押し寄せるグローバリズムに、交錯するコロナウイルスパニック、働き方改革の導入など、日本人の働く環境は急スピードで変化を求められている。

しかしいまだに「正社員は安心」という常識は、根強い。特に就職氷河期以降、若者の間では正社員希望が増加しているようだ。

だが、会社員になるメリットはほとんどない、と断言する。

昔は終身雇用・年功序列の堅硬な構造が、サラリーマンを選択する最大の利点だった。しかしリーマン・ショック以降、終身雇用も年功序列も崩れ落ちた。

有名な大手企業に勤めているとしても、安定した給料や待遇が得られる保証はない。いつ仕事を失い、路頭に放り出されるかわからないという意味では、正社員も派遣社員もフリーターも同列なのだ。

■リスクの少ない環境で、人は成長できるか

一方で、会社組織の利点としては、仲間との結束感がある。同じ会社に勤める上司や部下、同僚は、仕事の成果を分かち合える最も身近な、味方でありえるはずだ。喜びを共有できたり褒めてくれる人が職場にいると、それなりのモチベーションを保つことができるのではないか。会社のブランドを使って、よりスケールの大きいプロジェクトを進める利用法も考えられる。オフィスの同僚 写真=iStock.com/Sushiman ※写真はイメージです – 写真=iStock.com/Sushiman

人間関係ではストレスは溜まるだろう。けれど同じ会社に勤めているというだけで、結局は身内だから、最低限のフォローをしてくれる。個人的なミスも、最終的には会社が責任を取ってくれる。業務トラブルにおいて、リスクを軽減できるという意味では、組織は役立っている面があるかもしれない。
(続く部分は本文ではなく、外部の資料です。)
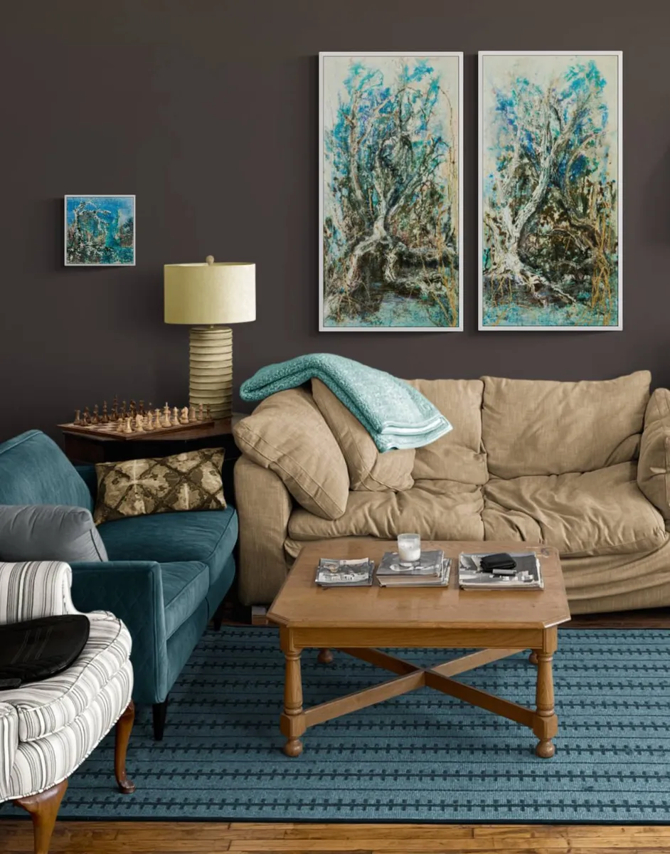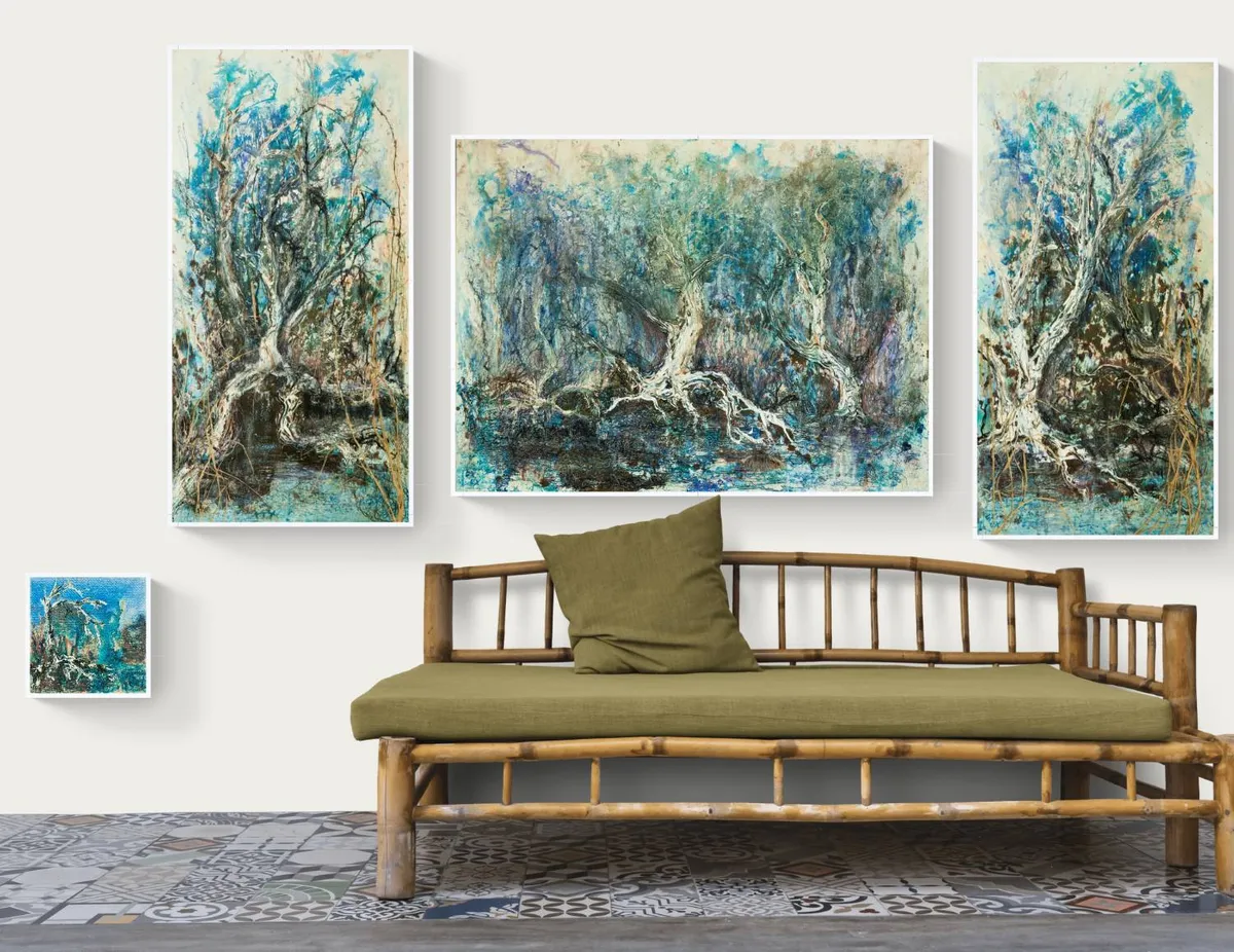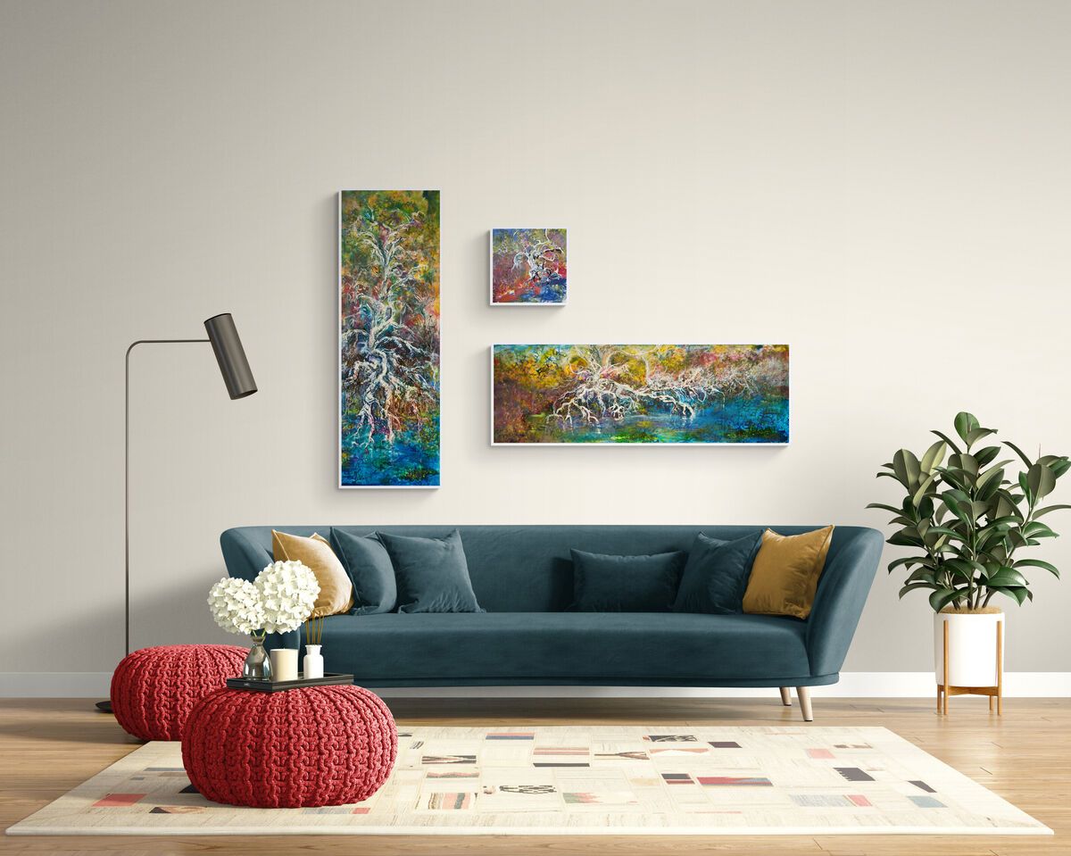 set of 3 framed acrylic-based mixed-media paintings on gallery-wrapped canvas inspired by a favourite spot that we refer to as "Gnarly Reach"

だが、リスクが免じられている環境で、人は成長できるだろうか?

助けたくもない仲間まで助けることが、正しいのだろうか?

■自己犠牲は美しくない、しょせん無駄骨だ

人は、人のために生きているのではない。やりたいことをやり尽くすために生きていることを、忘れてはならない。

人のために尽くすのがやりたいことだと言うなら、それはそれで結構だろう。しかしそれが目的になった途端、自己犠牲などという表現で美化されてしまう。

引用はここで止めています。